> Assignment
Below are some entries. Transcribe the lines from the one holding "Het aantal atlasblokken" to the one holding "Kredens - 115х84х41", inclusive, but not the pictures among them.

======== Data shown

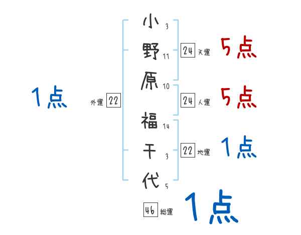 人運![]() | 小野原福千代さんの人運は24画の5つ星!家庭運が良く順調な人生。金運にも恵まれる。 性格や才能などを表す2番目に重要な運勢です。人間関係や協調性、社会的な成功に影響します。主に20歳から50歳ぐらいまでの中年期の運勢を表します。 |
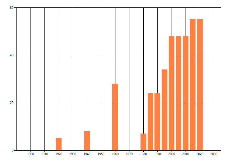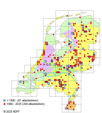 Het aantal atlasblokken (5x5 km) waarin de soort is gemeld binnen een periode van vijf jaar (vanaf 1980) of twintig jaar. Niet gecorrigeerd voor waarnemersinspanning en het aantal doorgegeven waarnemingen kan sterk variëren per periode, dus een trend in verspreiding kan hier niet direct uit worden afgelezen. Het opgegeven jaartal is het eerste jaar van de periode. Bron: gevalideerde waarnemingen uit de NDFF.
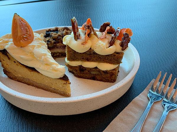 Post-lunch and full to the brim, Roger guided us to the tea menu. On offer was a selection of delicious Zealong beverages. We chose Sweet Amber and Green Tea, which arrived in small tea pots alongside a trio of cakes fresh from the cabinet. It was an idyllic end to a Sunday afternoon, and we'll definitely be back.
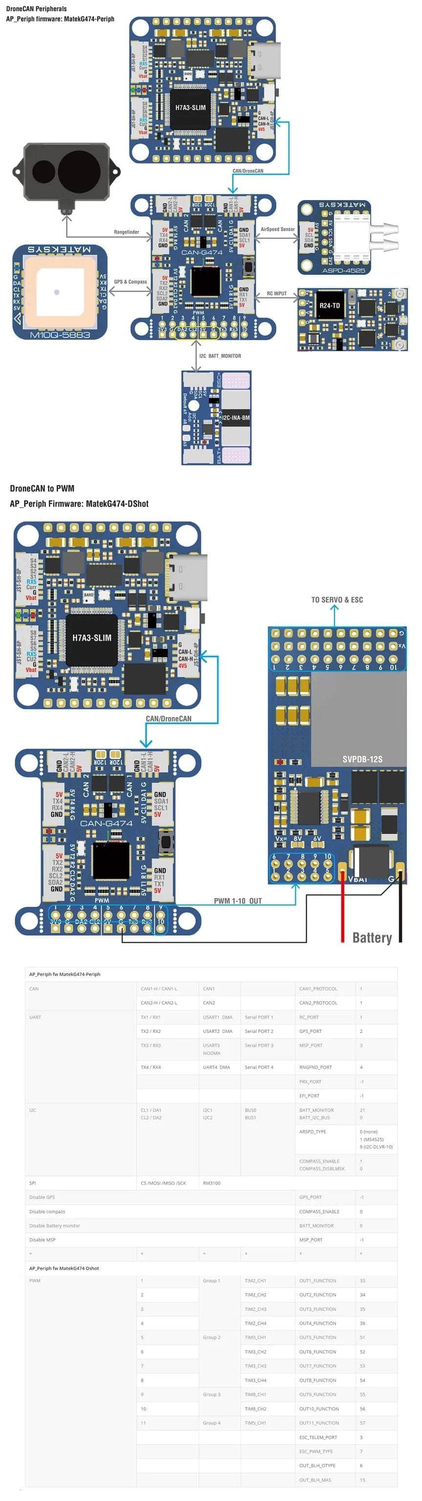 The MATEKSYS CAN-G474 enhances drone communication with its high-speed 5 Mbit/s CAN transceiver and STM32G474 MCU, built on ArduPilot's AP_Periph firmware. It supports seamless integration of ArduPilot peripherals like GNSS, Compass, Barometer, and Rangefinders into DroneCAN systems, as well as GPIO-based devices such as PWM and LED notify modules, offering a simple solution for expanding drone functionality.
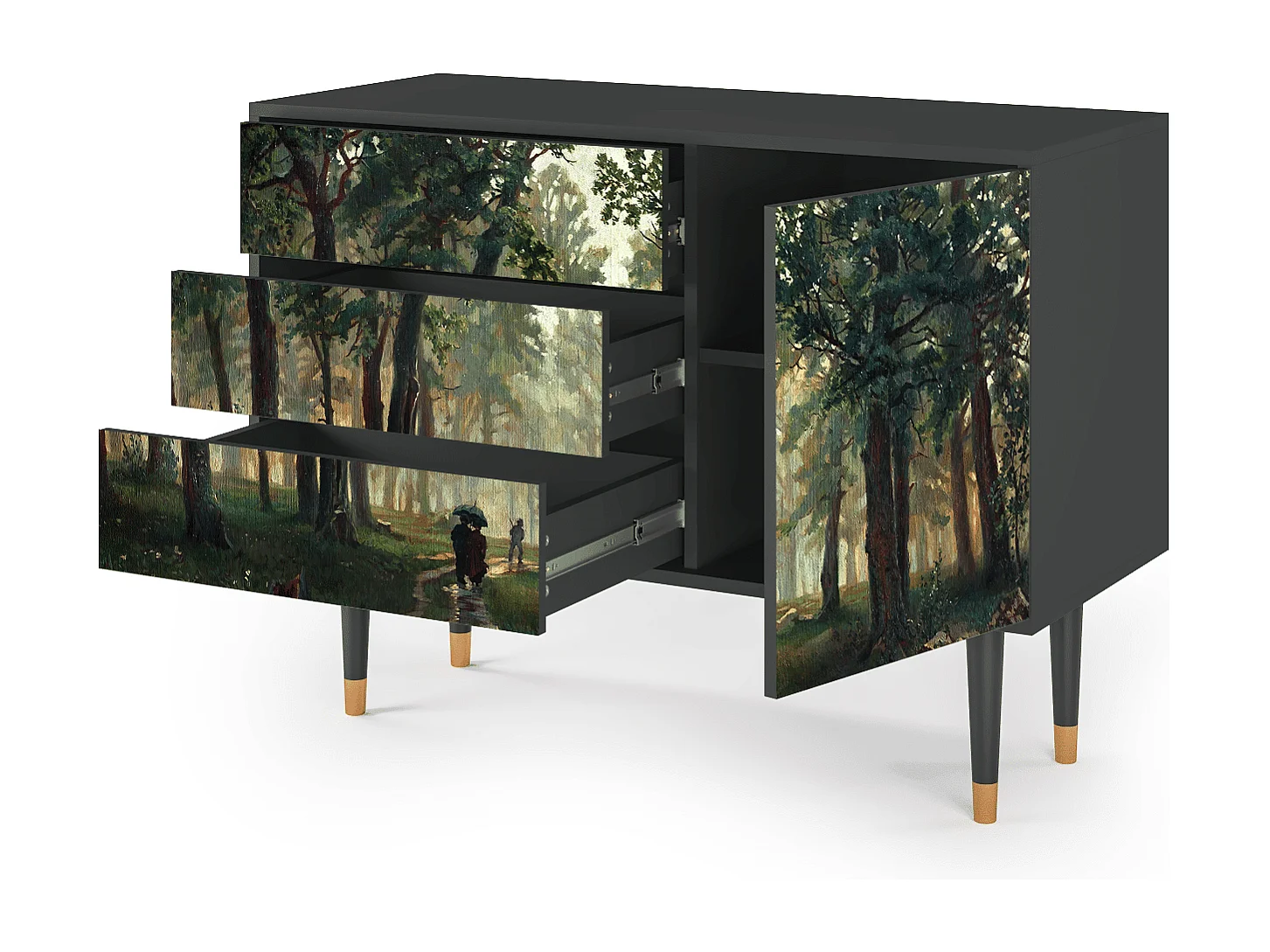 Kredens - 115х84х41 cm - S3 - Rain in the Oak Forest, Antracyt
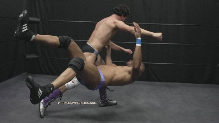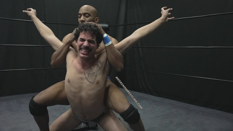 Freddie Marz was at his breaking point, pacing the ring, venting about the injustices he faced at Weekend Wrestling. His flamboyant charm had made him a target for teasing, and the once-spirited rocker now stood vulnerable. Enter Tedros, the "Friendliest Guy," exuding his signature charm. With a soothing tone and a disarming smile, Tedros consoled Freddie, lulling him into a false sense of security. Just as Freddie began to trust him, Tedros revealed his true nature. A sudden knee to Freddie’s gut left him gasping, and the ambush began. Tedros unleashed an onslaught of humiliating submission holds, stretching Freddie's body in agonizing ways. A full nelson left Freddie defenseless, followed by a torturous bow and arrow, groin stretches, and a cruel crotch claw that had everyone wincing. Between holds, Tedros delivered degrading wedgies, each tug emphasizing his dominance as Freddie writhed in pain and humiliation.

================

> Exercise output
 Het aantal atlasblokken (5x5 km) waarin de soort is gemeld binnen een periode van vijf jaar (vanaf 1980) of twintig jaar. Niet gecorrigeerd voor waarnemersinspanning en het aantal doorgegeven waarnemingen kan sterk variëren per periode, dus een trend in verspreiding kan hier niet direct uit worden afgelezen. Het opgegeven jaartal is het eerste jaar van de periode. Bron: gevalideerde waarnemingen uit de NDFF.
 Post-lunch and full to the brim, Roger guided us to the tea menu. On offer was a selection of delicious Zealong beverages. We chose Sweet Amber and Green Tea, which arrived in small tea pots alongside a trio of cakes fresh from the cabinet. It was an idyllic end to a Sunday afternoon, and we'll definitely be back.
 The MATEKSYS CAN-G474 enhances drone communication with its high-speed 5 Mbit/s CAN transceiver and STM32G474 MCU, built on ArduPilot's AP_Periph firmware. It supports seamless integration of ArduPilot peripherals like GNSS, Compass, Barometer, and Rangefinders into DroneCAN systems, as well as GPIO-based devices such as PWM and LED notify modules, offering a simple solution for expanding drone functionality.
 Kredens - 115х84х41 cm - S3 - Rain in the Oak Forest, Antracyt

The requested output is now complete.